Moody formulated the strategy during a time of defeat and decline for the struggles of the working class and the oppressed. It aims to help bridge the chasm separating the socialist movement and the labor movement, and to help socialists prepare for future waves of more intense class struggle.

But things have changed. We are living through a period of intensified class struggle in the U.S. that began after the 2008 financial crisis — intensified even more in the past few months with the Black Lives Matter uprising against the police and the uptick of worker militancy during the Covid-19 pandemic. In these changed conditions, the rank-and-file strategy’s limits become clear. Although Moody criticizes the Democratic Party, the strategy leaves socialists unprepared to confront the state and the union bureaucracy. And it can’t truly overcome the disconnected, incoherent nature of working-class struggle in this country.
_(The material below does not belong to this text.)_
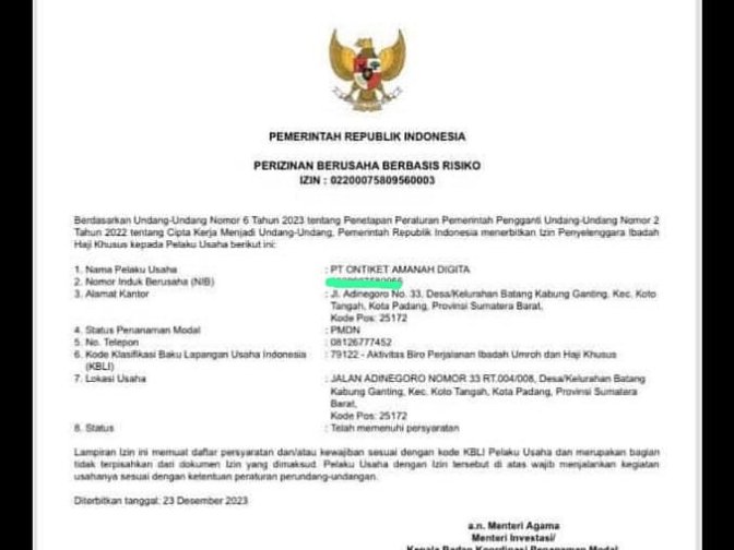 Dikatakannya bahwa perusahaan yang dipimpinnya itu bermitra kerja dengan PT Ontiket Amanah Digital yang mengantongi izin Penyelenggaraan Ibadah Haji Khusus (PIHK).

To reconnect the workers’ movement and socialism, we have to move past the rank-and-file strategy.

The Strategy

The chasm between the labor and socialist movements, says Moody, is the result of several historical developments, including the rise of union bureaucracies hostile to militant, revolutionary struggle, and the Communist Party’s alignment with those bureaucrats and the Democratic Party. The CP’s approach alienated the most militant workers, and Cold War purges of “reds” profoundly isolated communists and socialists alike. As the rate of profit began to fall and class struggle surged again both in the streets and the workplace in the 1960s and 1970s, the Far Left’s separation from the labor movement put it mostly on the sidelines of the workers’ movement. By the time of the mid-1970s recession, that separation was more entrenched than ever.

According to the rank-and-file strategy, socialists should be part of, and help spread, militant rank-and-file revolts against bosses and union bureaucrats alike. We should help drive fights for more union democracy, replacing reactionary bureaucrats when necessary. More than this, socialists should create and support “transitional organizations” like Labor Notes linking rank-and-file struggles. Building class-wide solidarity also means linking to “community-based working-class organizations” — like worker centers and the Black Lives Matter movement. The goal, says Moody’s 2000 pamphlet, is to create a “sea of class-conscious workers for socialist ideas and organizations to swim in.”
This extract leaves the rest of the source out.